■ **Exercise goal**
Restate the full listing word for word; images stay out of it.

■ **Exercise data**
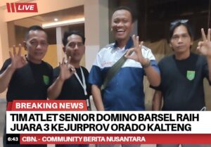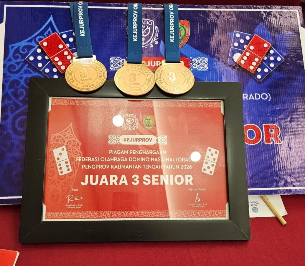 Prestasi membanggakan diraih tim domino senior Kabupaten Barito Selatan (Barsel) pada ajang Kejuaraan Provinsi (Kejurprov) ORADO Kalimantan Tengah 2026 yang digelar di Atrium Duta Mall Palangka Raya, Selasa, (13/04/2026)
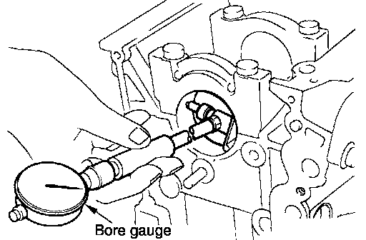 ^ Using a bore gauge, measure the inner diameter of the main bearing housing.
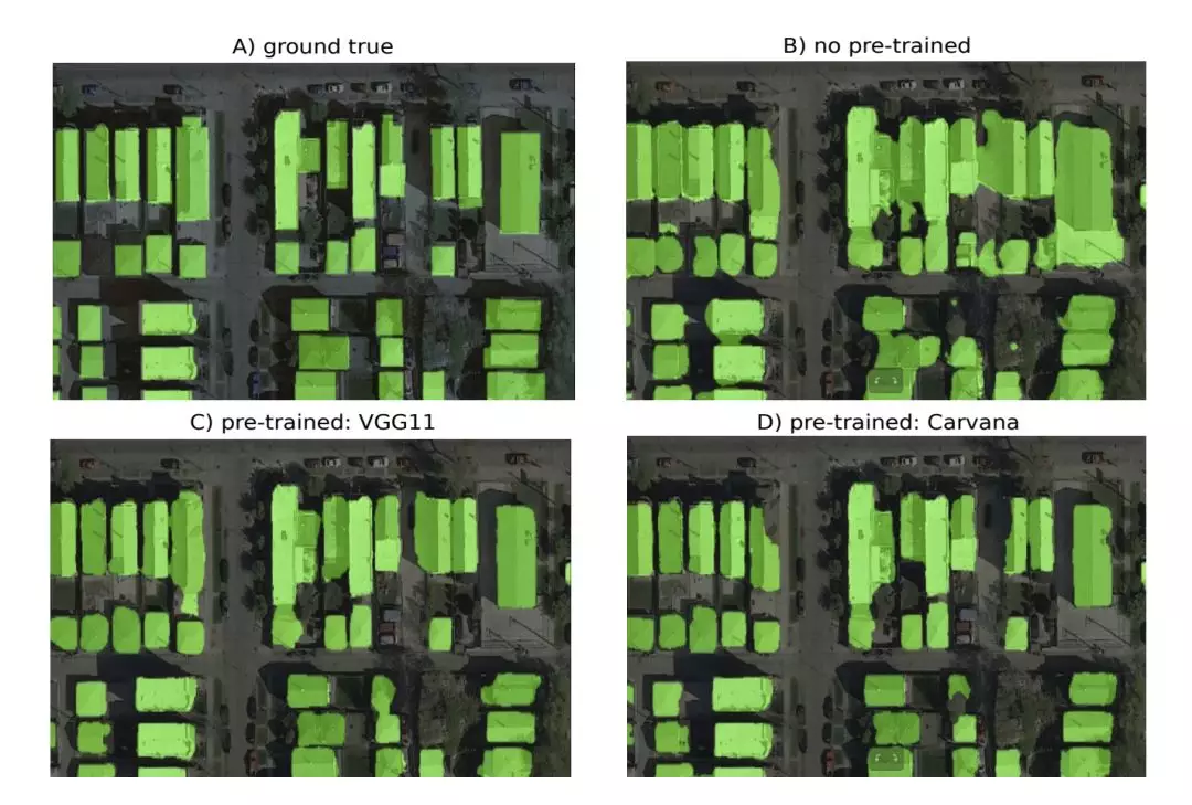 在此论文中,作者展示了如何使用预训练权重轻松改进 U-Net 的性能。作者还将它应用到航空图像标注数据集 [8] 中,该数据集包含多个城市的高清航空图像。这些图像的每个像素都被标注为「建筑」或「非建筑」类别。该架构另一个成功应用案例与初始化方案是 Kaggle Carvana 图像分割竞赛 [9],本论文作者之一使用它作为解决方案的一部分,获得了第一名。
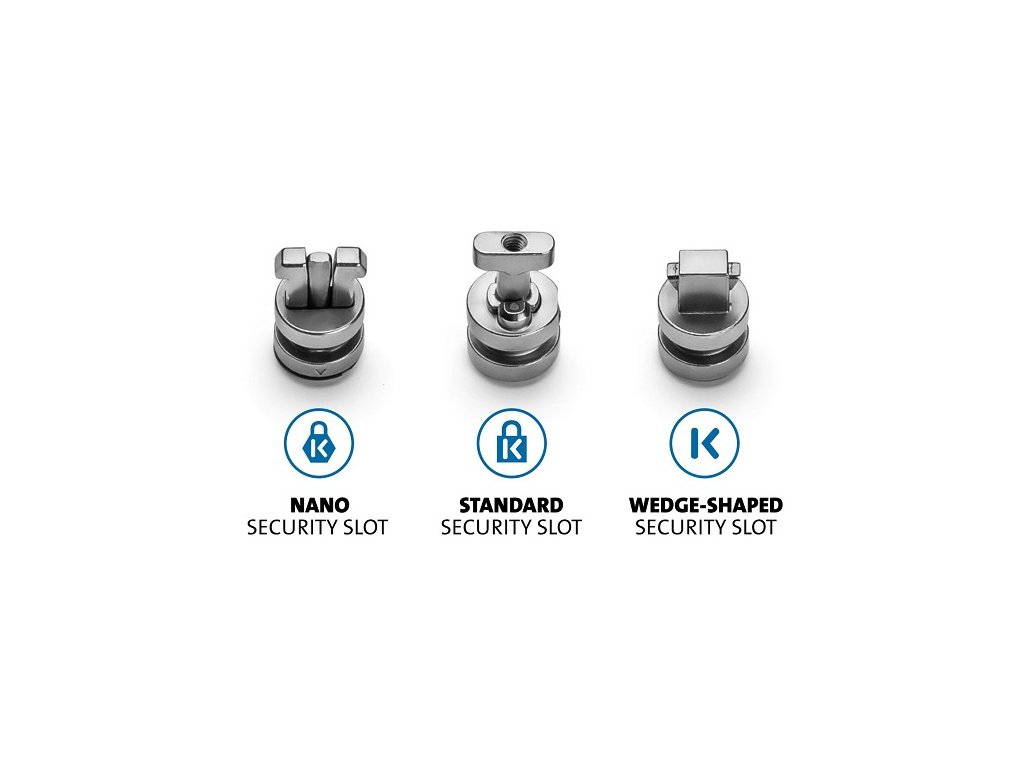 ClickSafe® Universal Slots Security Anchors Kit je univerzální sada bezpečnostních kotev kompatibilní se všemi Kensington ClickSafe® bezpečnostními zámky. Obsahuje tři různé kotvy pro Standardní (T-Bar™), Nano a klínové (Wedge-Shaped) bezpečnostní sloty notebooků, bez ohledu na značku či generaci zařízení. ClickSafe® bezpečnostní kotvy byly nezávisle testovány na pevnost, fyzickou odolnost a mechanickou spolehlivost.

■ **Completed task**
 Prestasi membanggakan diraih tim domino senior Kabupaten Barito Selatan (Barsel) pada ajang Kejuaraan Provinsi (Kejurprov) ORADO Kalimantan Tengah 2026 yang digelar di Atrium Duta Mall Palangka Raya, Selasa, (13/04/2026)
 ^ Using a bore gauge, measure the inner diameter of the main bearing housing.
 在此论文中,作者展示了如何使用预训练权重轻松改进 U-Net 的性能。作者还将它应用到航空图像标注数据集 [8] 中,该数据集包含多个城市的高清航空图像。这些图像的每个像素都被标注为「建筑」或「非建筑」类别。该架构另一个成功应用案例与初始化方案是 Kaggle Carvana 图像分割竞赛 [9],本论文作者之一使用它作为解决方案的一部分,获得了第一名。
 ClickSafe® Universal Slots Security Anchors Kit je univerzální sada bezpečnostních kotev kompatibilní se všemi Kensington ClickSafe® bezpečnostními zámky. Obsahuje tři různé kotvy pro Standardní (T-Bar™), Nano a klínové (Wedge-Shaped) bezpečnostní sloty notebooků, bez ohledu na značku či generaci zařízení. ClickSafe® bezpečnostní kotvy byly nezávisle testovány na pevnost, fyzickou odolnost a mechanickou spolehlivost.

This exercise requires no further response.